(Given data)

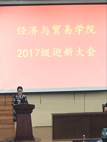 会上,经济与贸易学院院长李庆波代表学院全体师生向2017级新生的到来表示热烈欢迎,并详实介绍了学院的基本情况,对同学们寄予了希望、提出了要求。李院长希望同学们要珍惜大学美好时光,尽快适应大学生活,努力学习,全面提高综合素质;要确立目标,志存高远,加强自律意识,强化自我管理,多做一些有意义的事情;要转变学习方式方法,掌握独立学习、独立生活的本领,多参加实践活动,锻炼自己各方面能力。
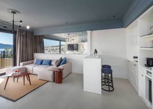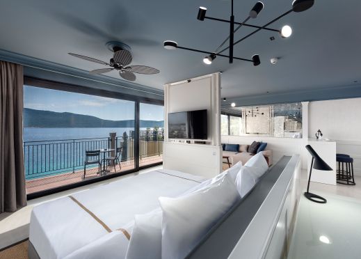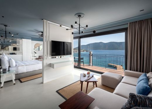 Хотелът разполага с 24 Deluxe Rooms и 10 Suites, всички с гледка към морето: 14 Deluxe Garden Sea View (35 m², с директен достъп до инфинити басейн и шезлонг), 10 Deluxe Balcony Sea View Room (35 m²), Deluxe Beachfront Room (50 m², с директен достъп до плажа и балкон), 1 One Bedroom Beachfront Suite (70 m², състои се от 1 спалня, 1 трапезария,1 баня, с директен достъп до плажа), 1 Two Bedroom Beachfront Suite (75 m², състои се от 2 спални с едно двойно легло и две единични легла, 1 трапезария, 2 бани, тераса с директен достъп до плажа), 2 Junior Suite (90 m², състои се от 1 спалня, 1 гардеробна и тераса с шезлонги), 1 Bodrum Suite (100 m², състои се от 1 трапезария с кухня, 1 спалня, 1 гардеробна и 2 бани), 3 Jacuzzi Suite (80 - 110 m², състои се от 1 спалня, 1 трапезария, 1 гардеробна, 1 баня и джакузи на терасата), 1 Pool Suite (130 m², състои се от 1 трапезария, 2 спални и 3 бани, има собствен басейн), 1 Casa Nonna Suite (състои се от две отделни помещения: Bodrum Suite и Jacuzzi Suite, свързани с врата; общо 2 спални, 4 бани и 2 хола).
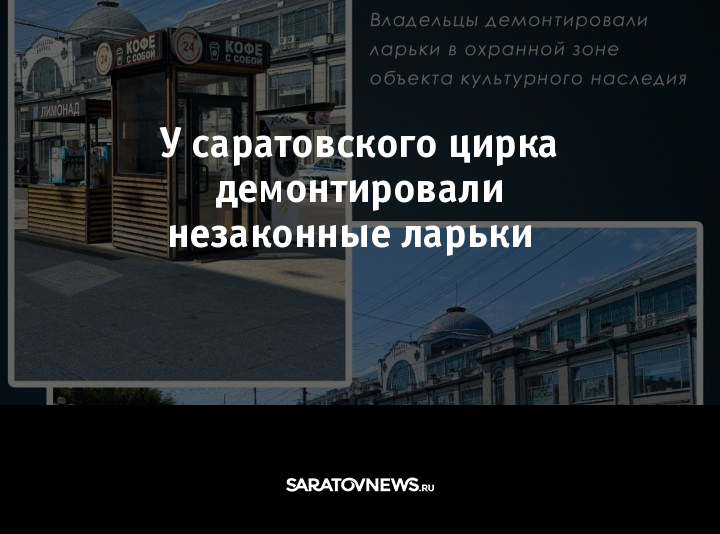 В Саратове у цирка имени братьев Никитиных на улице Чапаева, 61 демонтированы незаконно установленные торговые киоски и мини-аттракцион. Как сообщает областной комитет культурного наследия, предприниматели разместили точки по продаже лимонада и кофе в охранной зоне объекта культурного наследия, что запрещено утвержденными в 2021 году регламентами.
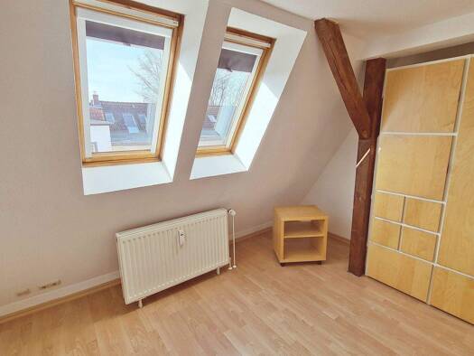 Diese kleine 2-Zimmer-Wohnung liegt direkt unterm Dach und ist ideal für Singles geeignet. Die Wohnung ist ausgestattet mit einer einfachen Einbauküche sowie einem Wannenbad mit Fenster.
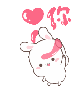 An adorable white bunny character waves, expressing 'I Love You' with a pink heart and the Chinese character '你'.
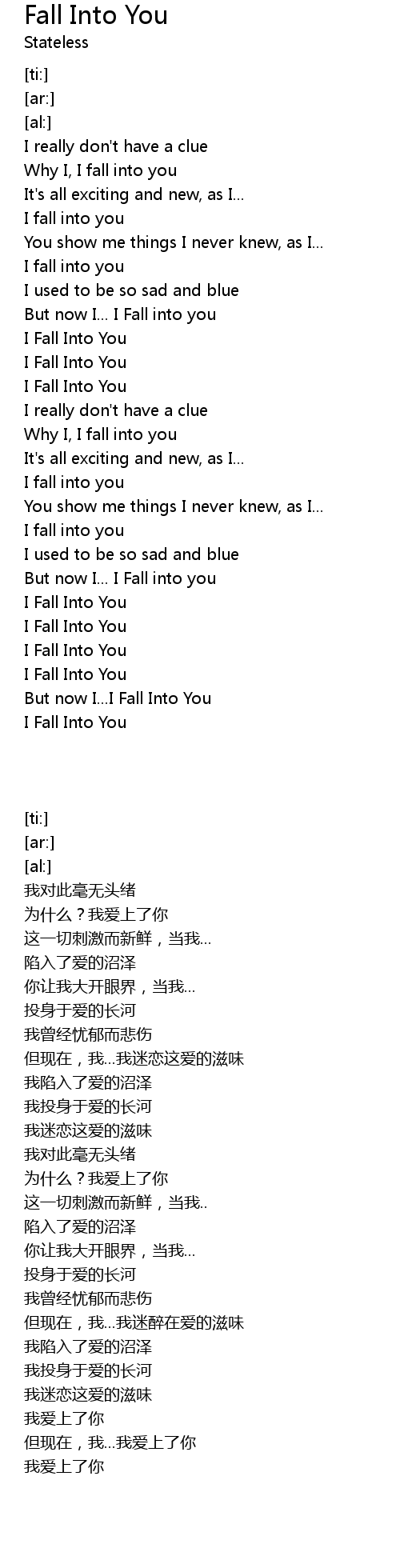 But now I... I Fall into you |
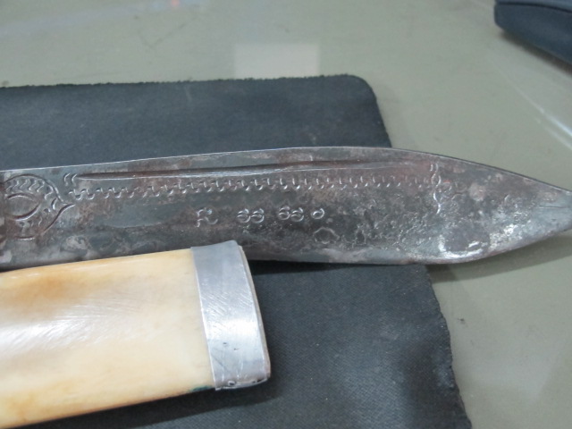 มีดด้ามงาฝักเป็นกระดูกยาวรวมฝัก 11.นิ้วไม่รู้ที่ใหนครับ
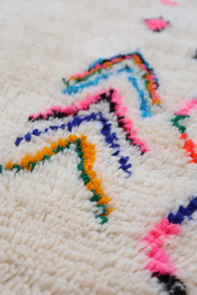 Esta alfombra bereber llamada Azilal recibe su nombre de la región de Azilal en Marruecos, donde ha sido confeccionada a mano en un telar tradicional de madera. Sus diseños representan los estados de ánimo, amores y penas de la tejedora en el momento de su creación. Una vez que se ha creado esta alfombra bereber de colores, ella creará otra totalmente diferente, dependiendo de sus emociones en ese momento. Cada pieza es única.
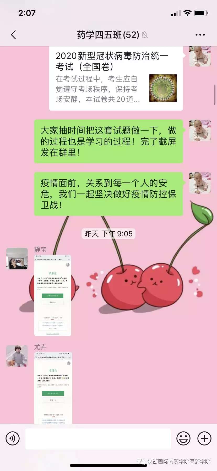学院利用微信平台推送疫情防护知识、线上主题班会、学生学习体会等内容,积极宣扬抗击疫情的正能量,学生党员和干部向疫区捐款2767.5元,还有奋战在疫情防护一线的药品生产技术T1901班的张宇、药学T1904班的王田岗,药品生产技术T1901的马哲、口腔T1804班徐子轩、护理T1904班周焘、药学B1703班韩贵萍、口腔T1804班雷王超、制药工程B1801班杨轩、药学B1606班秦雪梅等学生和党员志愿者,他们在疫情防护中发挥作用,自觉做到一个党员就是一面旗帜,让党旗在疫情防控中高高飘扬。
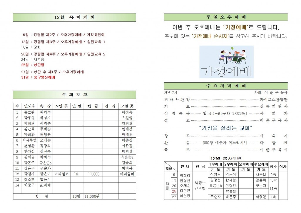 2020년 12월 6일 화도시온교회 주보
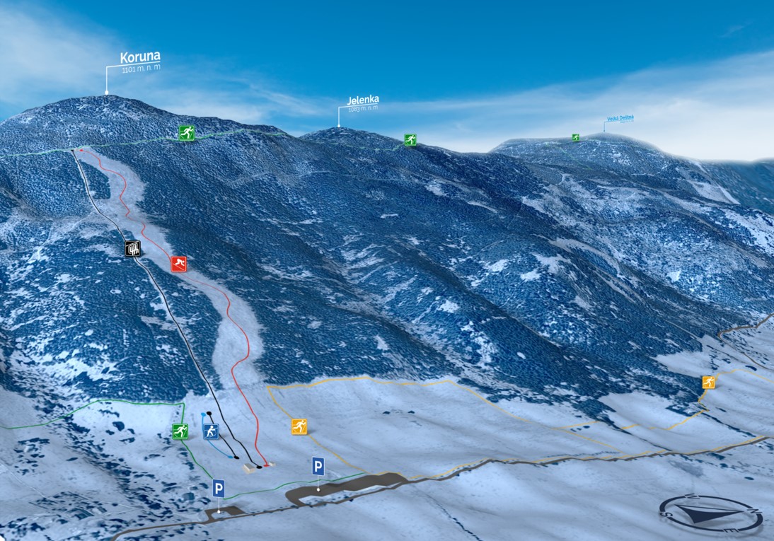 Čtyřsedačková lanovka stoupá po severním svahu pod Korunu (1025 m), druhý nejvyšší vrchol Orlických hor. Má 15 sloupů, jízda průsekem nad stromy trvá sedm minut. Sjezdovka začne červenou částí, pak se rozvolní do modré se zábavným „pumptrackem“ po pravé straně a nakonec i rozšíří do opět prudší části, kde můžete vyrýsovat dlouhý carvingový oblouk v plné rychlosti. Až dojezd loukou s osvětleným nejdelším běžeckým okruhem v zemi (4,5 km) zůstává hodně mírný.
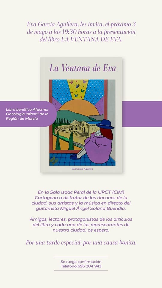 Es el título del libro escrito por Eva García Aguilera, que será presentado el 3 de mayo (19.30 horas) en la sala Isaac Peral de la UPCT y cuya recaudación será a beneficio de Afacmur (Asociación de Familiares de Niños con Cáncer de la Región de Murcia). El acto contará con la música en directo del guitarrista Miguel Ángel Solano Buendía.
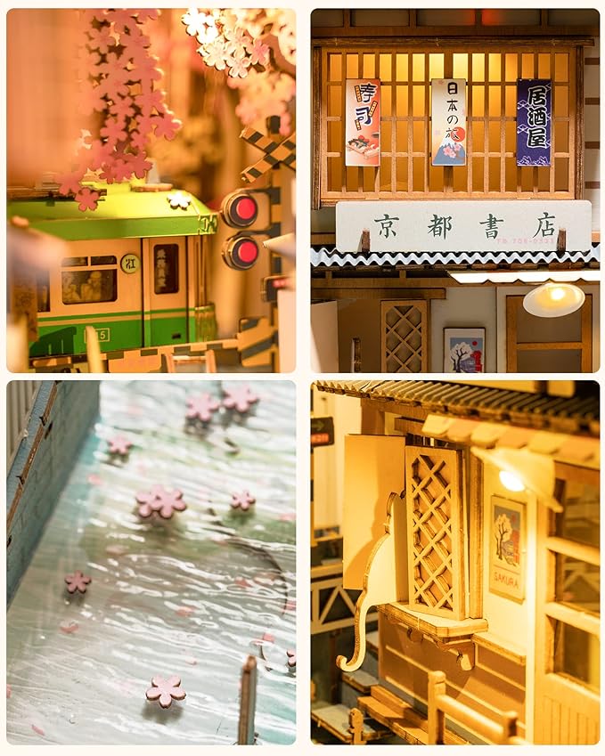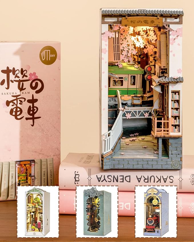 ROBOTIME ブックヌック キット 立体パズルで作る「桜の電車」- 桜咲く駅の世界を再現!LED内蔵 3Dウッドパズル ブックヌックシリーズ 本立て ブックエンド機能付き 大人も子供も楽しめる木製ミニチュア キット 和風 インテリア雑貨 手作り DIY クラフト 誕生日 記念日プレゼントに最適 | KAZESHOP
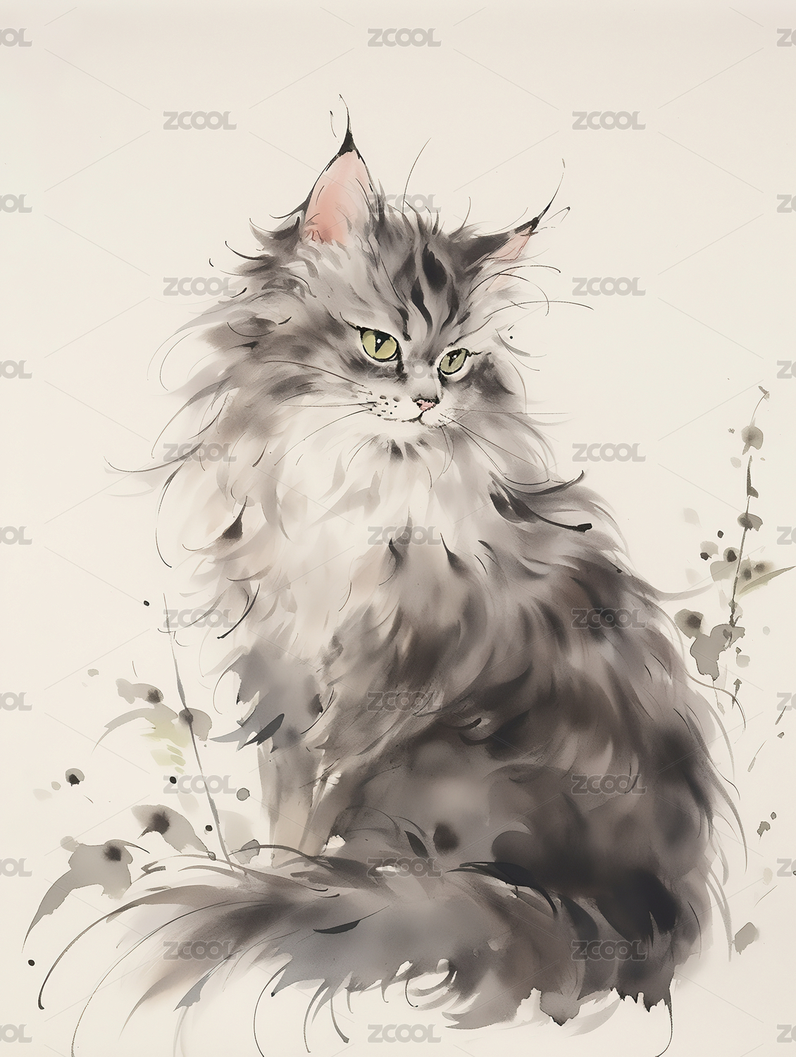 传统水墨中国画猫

(End Given data)

* [Problem to solve]: Exactly the lines from the one with "学院利用微信平台推送疫情防护" through the end of the entries above must be written out, and no pictures may be included.

* [Result of this task]:
学院利用微信平台推送疫情防护知识、线上主题班会、学生学习体会等内容,积极宣扬抗击疫情的正能量,学生党员和干部向疫区捐款2767.5元,还有奋战在疫情防护一线的药品生产技术T1901班的张宇、药学T1904班的王田岗,药品生产技术T1901的马哲、口腔T1804班徐子轩、护理T1904班周焘、药学B1703班韩贵萍、口腔T1804班雷王超、制药工程B1801班杨轩、药学B1606班秦雪梅等学生和党员志愿者,他们在疫情防护中发挥作用,自觉做到一个党员就是一面旗帜,让党旗在疫情防控中高高飘扬。
 2020년 12월 6일 화도시온교회 주보
 Čtyřsedačková lanovka stoupá po severním svahu pod Korunu (1025 m), druhý nejvyšší vrchol Orlických hor. Má 15 sloupů, jízda průsekem nad stromy trvá sedm minut. Sjezdovka začne červenou částí, pak se rozvolní do modré se zábavným „pumptrackem“ po pravé straně a nakonec i rozšíří do opět prudší části, kde můžete vyrýsovat dlouhý carvingový oblouk v plné rychlosti. Až dojezd loukou s osvětleným nejdelším běžeckým okruhem v zemi (4,5 km) zůstává hodně mírný.
 Es el título del libro escrito por Eva García Aguilera, que será presentado el 3 de mayo (19.30 horas) en la sala Isaac Peral de la UPCT y cuya recaudación será a beneficio de Afacmur (Asociación de Familiares de Niños con Cáncer de la Región de Murcia). El acto contará con la música en directo del guitarrista Miguel Ángel Solano Buendía.
 ROBOTIME ブックヌック キット 立体パズルで作る「桜の電車」- 桜咲く駅の世界を再現!LED内蔵 3Dウッドパズル ブックヌックシリーズ 本立て ブックエンド機能付き 大人も子供も楽しめる木製ミニチュア キット 和風 インテリア雑貨 手作り DIY クラフト 誕生日 記念日プレゼントに最適 | KAZESHOP
 传统水墨中国画猫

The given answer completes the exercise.